Avvocato Simona Santoro L'Avvocato Simona Santoro si occupa di consulenza e assistenza giudiziale e stragiudiziale

⚖️ 𝗖𝗔𝗦𝗢 𝗗𝗜 𝗦𝗨𝗖𝗖𝗘𝗦𝗦𝗢 | 𝗚𝗶𝘂𝗱𝗶𝘇𝗶𝗼 𝗱𝗶 𝗼𝘁𝘁𝗲𝗺𝗽𝗲𝗿𝗮𝗻𝘇𝗮: 𝗶𝗹 𝗧𝗔𝗥 𝗖𝗮𝘁𝗮𝗻𝗶𝗮 𝗼𝗿𝗱𝗶𝗻𝗮 𝗮𝗹𝗹’𝗨𝗻𝗶𝘃𝗲𝗿𝘀𝗶𝘁à 𝗹’𝗲𝘀𝗲𝗰𝘂𝘇𝗶𝗼𝗻𝗲 𝗶𝗻𝘁𝗲𝗴𝗿𝗮𝗹𝗲 𝗱𝗲𝗶 𝗽𝗿𝗼𝗽𝗿𝗶 𝗽...
22/07/2026

⚖️ 𝗖𝗔𝗦𝗢 𝗗𝗜 𝗦𝗨𝗖𝗖𝗘𝗦𝗦𝗢 | 𝗚𝗶𝘂𝗱𝗶𝘇𝗶𝗼 𝗱𝗶 𝗼𝘁𝘁𝗲𝗺𝗽𝗲𝗿𝗮𝗻𝘇𝗮: 𝗶𝗹 𝗧𝗔𝗥 𝗖𝗮𝘁𝗮𝗻𝗶𝗮 𝗼𝗿𝗱𝗶𝗻𝗮 𝗮𝗹𝗹’𝗨𝗻𝗶𝘃𝗲𝗿𝘀𝗶𝘁à 𝗹’𝗲𝘀𝗲𝗰𝘂𝘇𝗶𝗼𝗻𝗲 𝗶𝗻𝘁𝗲𝗴𝗿𝗮𝗹𝗲 𝗱𝗲𝗶 𝗽𝗿𝗼𝗽𝗿𝗶 𝗽𝗿𝗼𝘃𝘃𝗲𝗱𝗶𝗺𝗲𝗻𝘁𝗶

🏛️Il 𝗧𝗔𝗥 𝗖𝗮𝘁𝗮𝗻𝗶𝗮, con sentenza del 15 luglio 2026, condividendo le tesi difensive sostenute dal Nostro Studio, 𝗵𝗮 𝗮𝗰𝗰𝗼𝗹𝘁𝗼 𝗶𝗹 𝗿𝗶𝗰𝗼𝗿𝘀𝗼 𝗽𝗲𝗿 𝗼𝘁𝘁𝗲𝗺𝗽𝗲𝗿𝗮𝗻𝘇𝗮 proposto nei confronti dell'Università degli Studi di Catania per l'esecuzione di un'ordinanza di accesso agli atti ex art. 116 c.p.a. e di una sentenza di annullamento, nominando sin d'ora un 𝗖𝗼𝗺𝗺𝗶𝘀𝘀𝗮𝗿𝗶𝗼 𝗮𝗱 𝗮𝗰𝘁𝗮 per il caso di perdurante inadempimento.

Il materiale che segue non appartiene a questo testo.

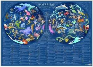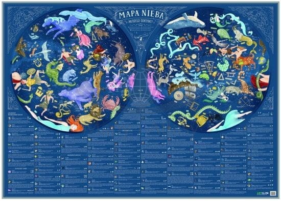 W dolnej części mapy znajduje się legenda, będąca zbiorem informacji dobranych tak, by w prosty sposób opowiedzieć o fascynującym, kosmicznym świecie. Gwarancja, że Mapa Nieba dla dzieci znacznie ułatwi naukę w domowych warunkach oraz dopełni treści zdobyte w szkolnej ławce, na ścianie zwiśnie jako wymarzona ozdoba każdego pokoju, a przewiązana wstążką będzie wymarzonym prezentem dla pociechy.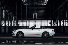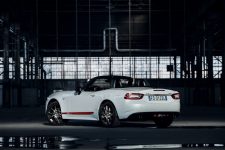 Estos elementos, firmados por Mopar, incluyen una nueva barra antivuelco, el marco del parabrisas en negro, las tapas de los retrovisores en gris oscuro, las llantas de aleación ligera de 17 pulgadas con un diseño especial, un emblema tricolor en la parte trasera con la bandera italiana o un adhesivo rojo sobre el lateral. Y a todo esto hay que sumar el amplio equipamiento de serie de la versión en la que se basa el 124 Spider S-Design.

📖 𝗖𝗢𝗦'È 𝗜𝗟 𝗚𝗜𝗨𝗗𝗜𝗭𝗜𝗢 𝗗𝗜 𝗢𝗧𝗧𝗘𝗠𝗣𝗘𝗥𝗔𝗡𝗭𝗔
È lo strumento previsto dagli artt. 112 e ss. c.p.a. per ottenere l'esecuzione delle decisioni del giudice amministrativo quando l'Amministrazione non vi provvede spontaneamente.
Le sentenze del TAR sono 𝗶𝗺𝗺𝗲𝗱𝗶𝗮𝘁𝗮𝗺𝗲𝗻𝘁𝗲 𝗲𝘀𝗲𝗴𝘂𝗶𝗯𝗶𝗹𝗶 𝗮𝗻𝗰𝗵𝗲 𝗽𝗿𝗶𝗺𝗮 𝗱𝗲𝗹 𝗽𝗮𝘀𝘀𝗮𝗴𝗴𝗶𝗼 𝗶𝗻 𝗴𝗶𝘂𝗱𝗶𝗰𝗮𝘁𝗼: l'inerzia non è mai giustificata.

📌 𝗟𝗔 𝗩𝗜𝗖𝗘𝗡𝗗𝗔
Il nostro assistito aveva ottenuto un'ordinanza di accesso agli atti ex art. 116 c.p.a. e una sentenza che ordinava la rivalutazione della propria istanza. L'Ateneo, però, aveva consegnato solo parte dei documenti, non aveva corrisposto le spese liquidate e, malgrado formale diffida, non aveva riavviato il procedimento: lo ha fatto solo dopo il deposito del ricorso per ottemperanza, concludendolo a oltre cinque mesi e mezzo dalla sentenza.

⚖️ 𝗟𝗔 𝗗𝗘𝗖𝗜𝗦𝗜𝗢𝗡𝗘
Il TAR ha ordinato l'𝗲𝘀𝗶𝗯𝗶𝘇𝗶𝗼𝗻𝗲 𝗶𝗻𝘁𝗲𝗴𝗿𝗮𝗹𝗲 dei documenti entro 30 giorni – precisando che l'eventuale inesistenza degli atti va certificata con 𝗳𝗼𝗿𝗺𝗮𝗹𝗲 𝗮𝘁𝘁𝗲𝘀𝘁𝗮𝘇𝗶𝗼𝗻𝗲 𝗱𝗲𝗹 𝗗𝗶𝗿𝗲𝘁𝘁𝗼𝗿𝗲 𝗴𝗲𝗻𝗲𝗿𝗮𝗹𝗲, non con una mera dichiarazione difensiva – e il pagamento delle spese già liquidate.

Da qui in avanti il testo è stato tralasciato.